1. TÍTULO DO PROJETO

A organização da instrução pública nas cidades de Uberabinha e Patos de Minas: educação e civilização (1888-1930).

2. INTRODUÇÃO

Ao iniciar a exposição da presente proposta, é necessária uma pequena introdução, historiando a imbricação da mesma com atividades de pesquisa anteriormente desenvolvidas por nós junto ao grupo de pesquisadores do NEPHE - Núcleo de Estudos e Pesquisas em História da Educação, do Programa de Pós-Graduação em Educação da Universidade Federal de Uberlândia.

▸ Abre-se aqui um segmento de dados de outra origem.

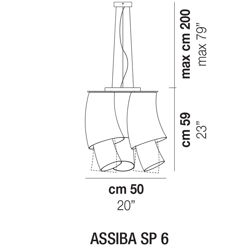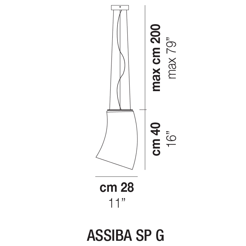 Assiba designed by Mauro Olivieri for Vistosi is a pendant lamp with supporting structure in chromed metal. The diffuser is made of glass and shields a dimmable LED or halogen light source with E27 fitting. Assiba is available in different models and diffuser finishes.
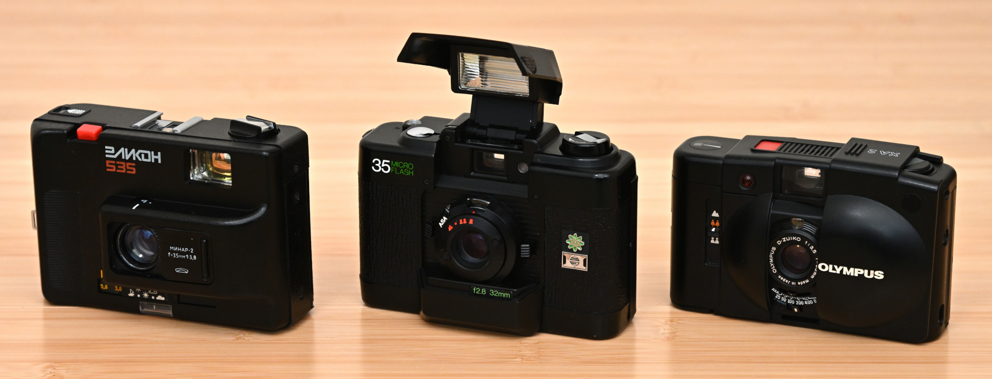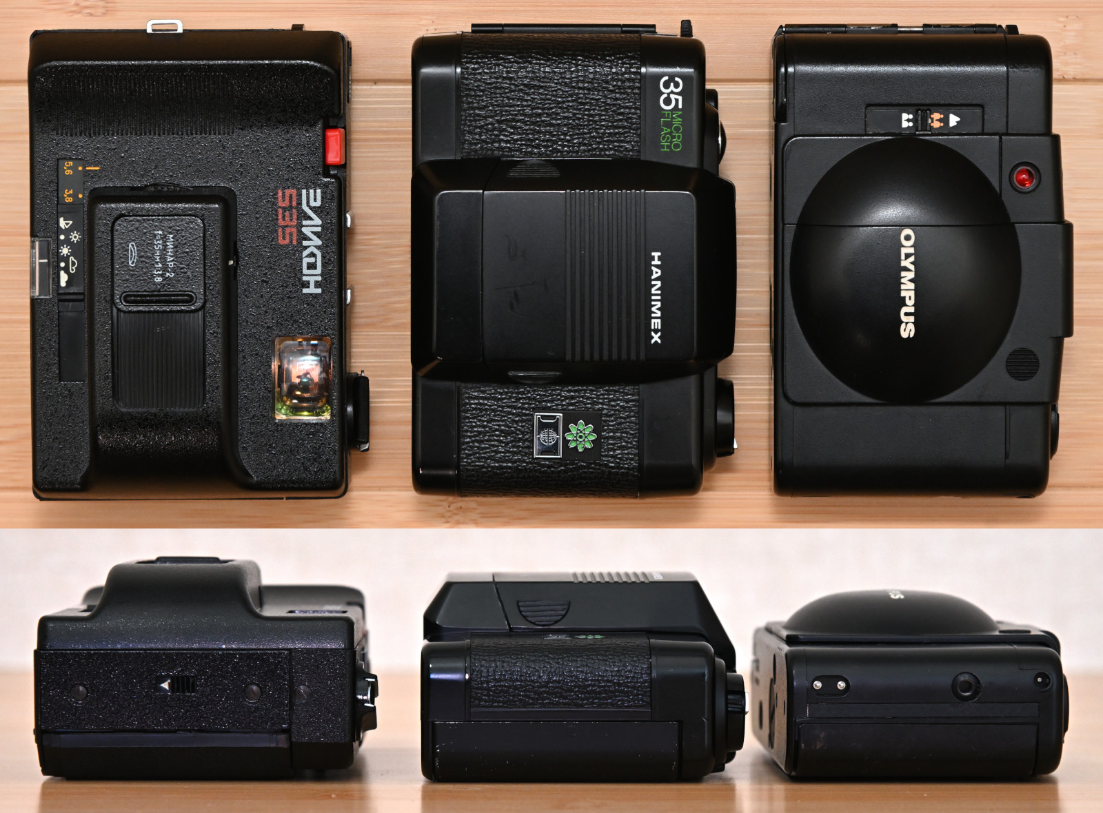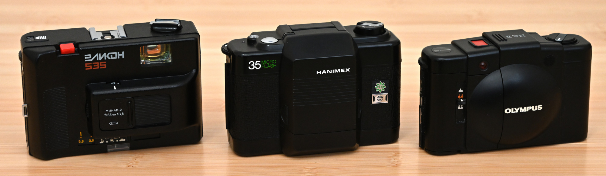 左から ELIKON 535, Hanimex 35 Micro Flash, オリンパス XA2

O estudo da História da Educação na região do Triângulo Mineiro e Alto Paranaíba, em particular nos municípios de Uberabinha/1 Uberlândia e Patos de Minas, de forma sistematicamente organizada, é uma manifestação recente. Mais precisamente, estes estudos originários datam de 1993, com a implementação do projeto de “Levantamento e Catalogação das Fontes Primárias e Secundárias de Interesse para a História da Educação Brasileira e do Triângulo Mineiro e Alto Paranaíba”, ligado a uma proposta nacional estruturada a partir da Faculdade de Educação da UNICAMP, sob a coordenação geral do Prof. Dr. Dermeval Saviani.

A partir desta primeira incursão, realizamos um levantamento mais pormenorizado nos Arquivos Públicos Municipais de Uberlândia e Patos de Minas, recuperando todas as informações relativas à educação que aparecem na imprensa local, catalogando as revistas que tratam de educação e anotando o conteúdo destas informações em fichas especificamente preparadas para este fim. Também foi realizado o levantamento do conjunto da documentação existente nas escolas mais importantes da região, em termos de influência político-cultural e também pelo período de inauguração, para que se pudesse aquilatar, pela via da história das instituições escolares, o processo de escolarização regional.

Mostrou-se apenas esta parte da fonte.